Question : EXPORT OF AGRICULTURAL COMMODITIES



(a) whether some agricultural commodities are barred from export and futures trading;

(b) if so, the details thereof along with its impact on revenue earning of the country;

(c) whether the Government proposes to liberalise the foodgrain market in the country; and

(d) if so, the details thereof?

Answer given by the minister


THE MINISTER OF STATE (INDEPENDENT CHARGE) FOR CONSUMER AFFAIRS, FOOD AND PUBLIC DISTRIBUTION (PROF. K. V. THOMAS)

(a): Export of agricultural commodities are generally governed by domestic availability, national priorities, international prices and related factors.

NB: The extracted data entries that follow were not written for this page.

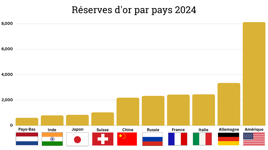 Sans surprise, les États-Unis caracolent en tête avec une réserve colossale de 8 133 tonnes, majoritairement logée dans la légendaire forteresse de Fort Knox. Ils sont suivis par un trio européen : l’Allemagne (3 351 t), l’Italie (2 451 t) et la France (2 437 t), démontrant l’ancrage historique de l’or dans la construction monétaire du Vieux Continent.
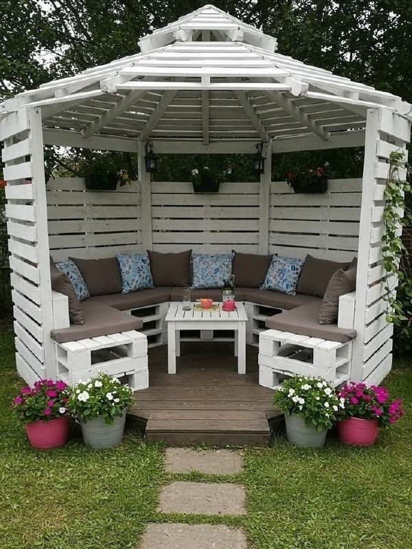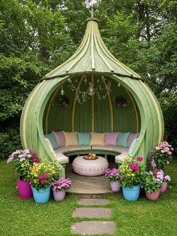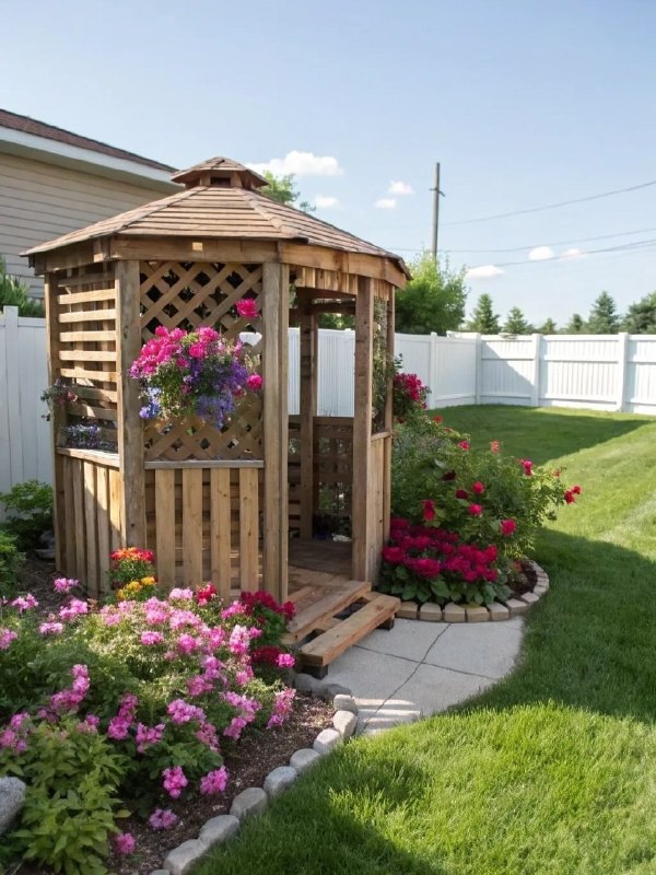 - Вертикальное озеленение — стены, перголы и шпалеры создают глубину без потери площади
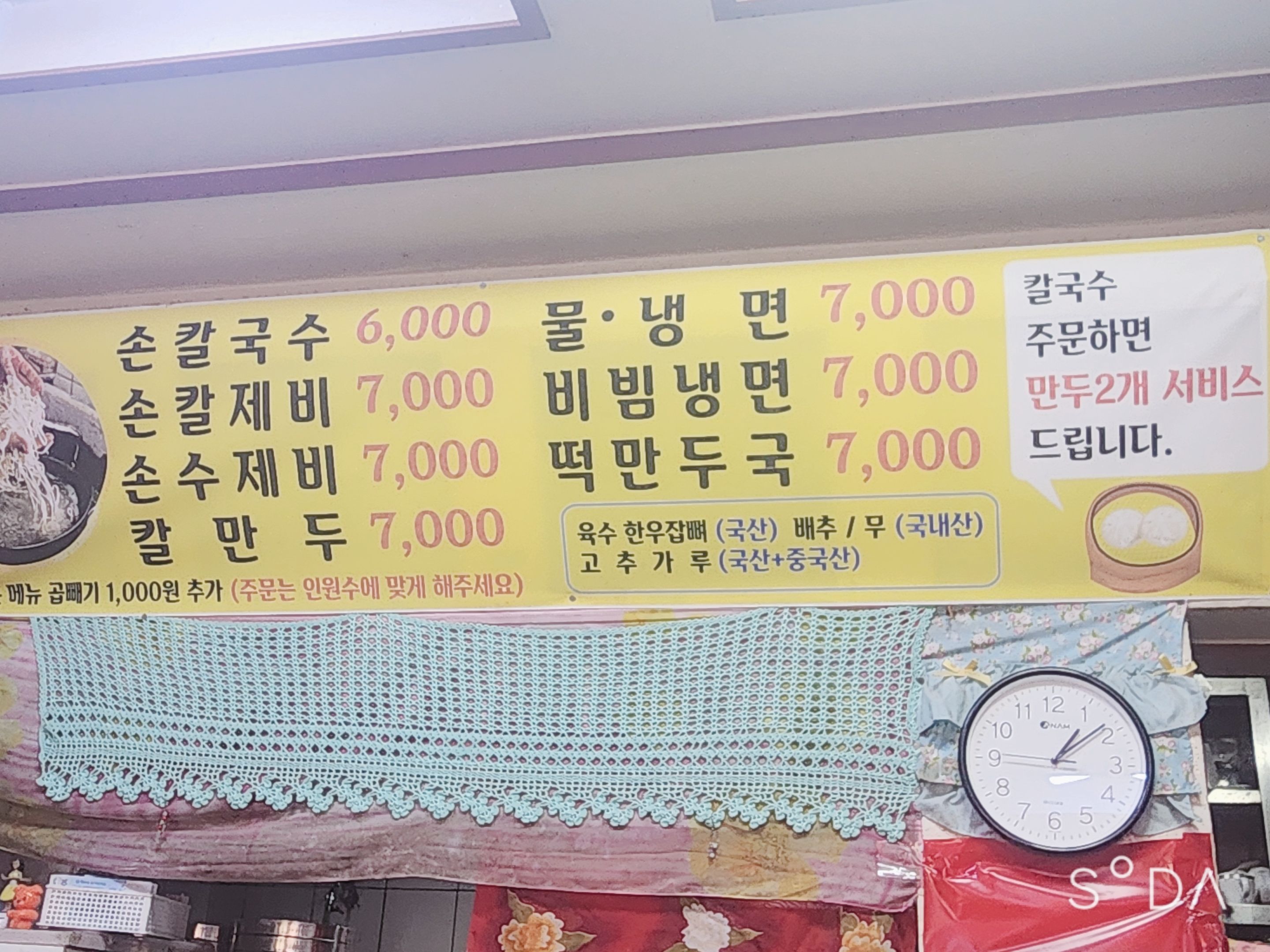 (칼국수 주문하면 만두 2개 서비스라고 적혀있는데 저희는 따로 못받았어요;)
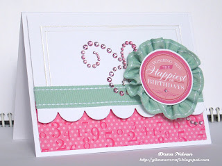 There are so many things I love about Dana’s gorgeous birthday card. The lines she created on the scalloped white layer with her gel pen add some great texture. Combine that with the pretty ruffled ribbon and the rhinestone flourish and she’s got one knockout of a birthday card! And pairing it with the cute numbered designer paper just completes the birthday picture! Congratulations Dana, on being my choice for Perfect Princess this week!

Most of the agricultural commodities are free to export. However, the export of edible oils and pulses are restricted due to mismatch between their domestic production and consumption. The export of pulses is banned (except export of Kabuli chana and 10,000 MT of organic lentils and pulses per annum). The export of edible oils is also banned except following:
i) Castor Oil
ii) Coconut oil
iii) Deemed export of edible oils (as input raw material) from DTA to 100% EOU.
iv) Edible oils from Domestic Tariff Area (DTA) to Special Economic Zones (SEZs).
v) Edible oils produced out of minor forest produce.
v) 10,000 MTs of Organic edible oils per annum.
vi) Edible oils in branded consumer packs of upto 5 Kgs is permitted with a Minimum Export Price of USD 1500 per MT. However, as per the present policy of the Government, export of wheat and non-basmati rice is allowed under Open General Licence (OGL) from privately held stocks since 09.09.2011.

At present, three commodities are under suspension from futures trading on commodity exchanges. These are Tur, Urad and Rice. Rice was suspended on 27th February, 2007 and Tur and Urad on 23rd January 2007. Futures trading in these commodities was suspended only as a measure of abundant precaution in the wake of rising prices.

(b) to (d): Information is being collected.